Deployment¶

Environments¶

Env	Purpose	Cluster
`dev`	Day-to-day engineering	GKE Autopilot
`staging`	Integration; always-on	GKE Autopilot
`uat`	Customer acceptance	GKE Autopilot
`prod`	Production	GKE Autopilot (plus dedicated AI / BIM node pools)

Each environment has its own Terraform state, AlloyDB instances, GCS buckets, and KMS keys. Environments are symmetric — same Helm chart, different values.

Compute¶

GKE Autopilot for all services.
Dedicated node pools for AI workers (high memory) and BIM workers (high CPU + optional GPU).
GPU node pool is provisioned on-demand; default is managed Vertex AI calls, not self-hosted inference.

Release pipeline¶

flowchart LR
  PR[PR merged] --> CI[CI<br/>build · test · scan]
  CI --> IMG[Push image<br/>Artifact Registry]
  IMG --> DEV[ArgoCD<br/>dev rollout]
  DEV --> STG[Promote<br/>staging]
  STG --> UAT[Promote<br/>uat]
  UAT --> PROD[Canary<br/>prod]
  PROD --> WATCH[SLO burn-rate alert]
  WATCH -->|breach| RB[Automated rollback]
  WATCH -->|healthy| FULL[Full rollout]

Infrastructure as code¶

Concern	Tool
GCP resources	Terraform (modules under `infra/terraform/modules/*`, environments under `infra/terraform/env/<env>/`)
Service charts	Helm per service; umbrella chart `deploy/charts/siss/`
Continuous deploy	ArgoCD (or Cloud Deploy — interchangeable)
Container images	Artifact Registry

Every service ships:

A Helm chart with values per environment.
A Terraform module defining its AlloyDB instance, GCS buckets, KMS keys, and IAM.
A .argocd/ manifest wiring it into the rollout.

Progressive delivery¶

Canary rollout in prod — new version serves a small percentage of traffic first.
SLO burn-rate alerts wired to the rollout controller — a breach triggers automated rollback before it reaches the full fleet.
Manual approval gate for any schema migration that isn't additive.

Secrets¶

Google Secret Manager only. No secrets in Kustomize, Helm values, or env files.
CMEK on AlloyDB and GCS.
mTLS between services via Anthos Service Mesh (or Istio).
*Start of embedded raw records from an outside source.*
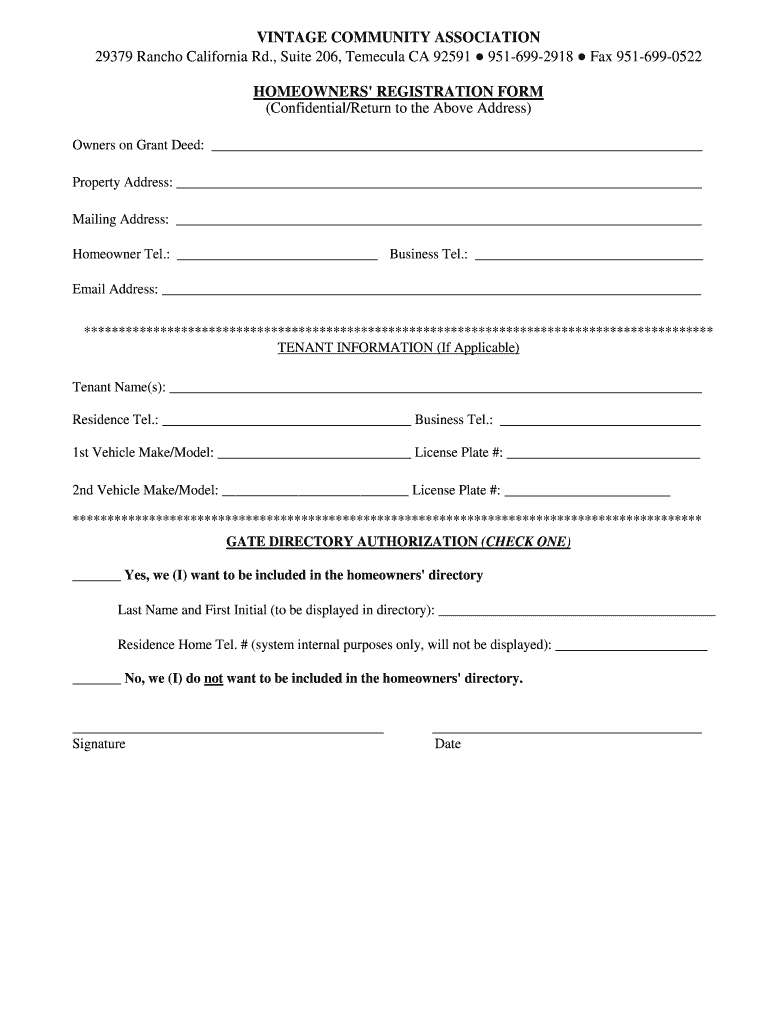 VINTAGE COMMUNITY ASSOCIATION 29379 Rancho California Rd., Suite 206, Temecula CA 92591 9516992918 Fax 9516990522 HOMEOWNERS REGISTRATION FORM (Confidential/Return to the Above Address) Owners on
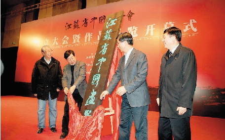 中国美术家协会主席刘大为,江苏省副省长曹卫星、江苏省政协副主席朱晓进、中国画学会副会长兼秘书长孙克为江苏省中国画学会揭牌
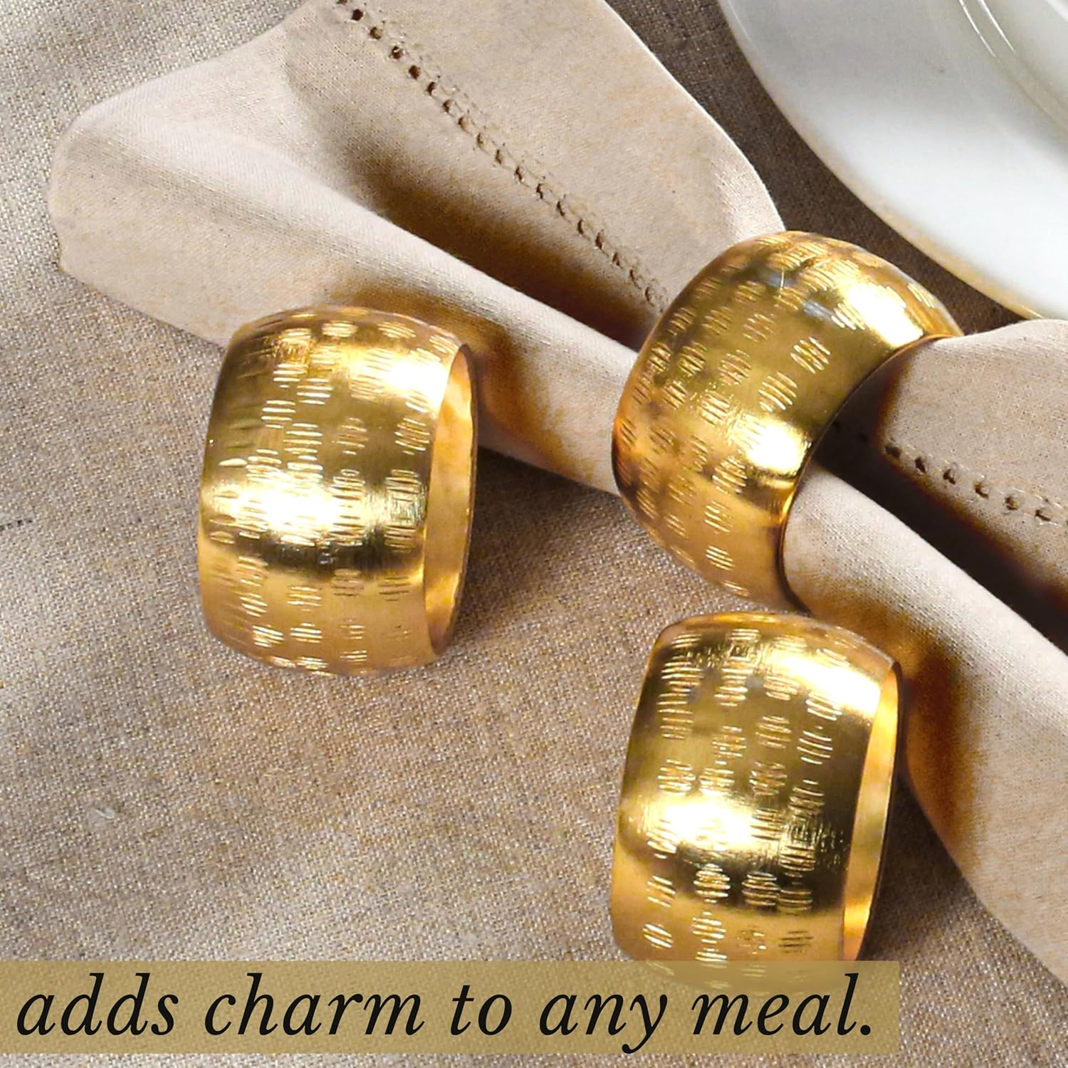 Napkin Rings Set of 12, Metal Napkin Holder Cuffs for Dinner Table Décor, Round Textured Farmhouse Modern Serviette Rings for Christmas, Weddings, Receptions, Daily Use, Gold - ALPHA Living HOME

What each environment is for¶

dev — engineers push freely; cluster is cheap and can be torn down.
staging — integration target; contract tests run here continuously.
uat — customer sign-off per milestone; stable for the duration of a UAT cycle.
prod — canary-first, SLO-gated.

Hypercare window

M7 (go-live) includes a hypercare window where the delivery team remains on rotation alongside ops. After hypercare, support reverts to the standard on-call rotation with runbooks.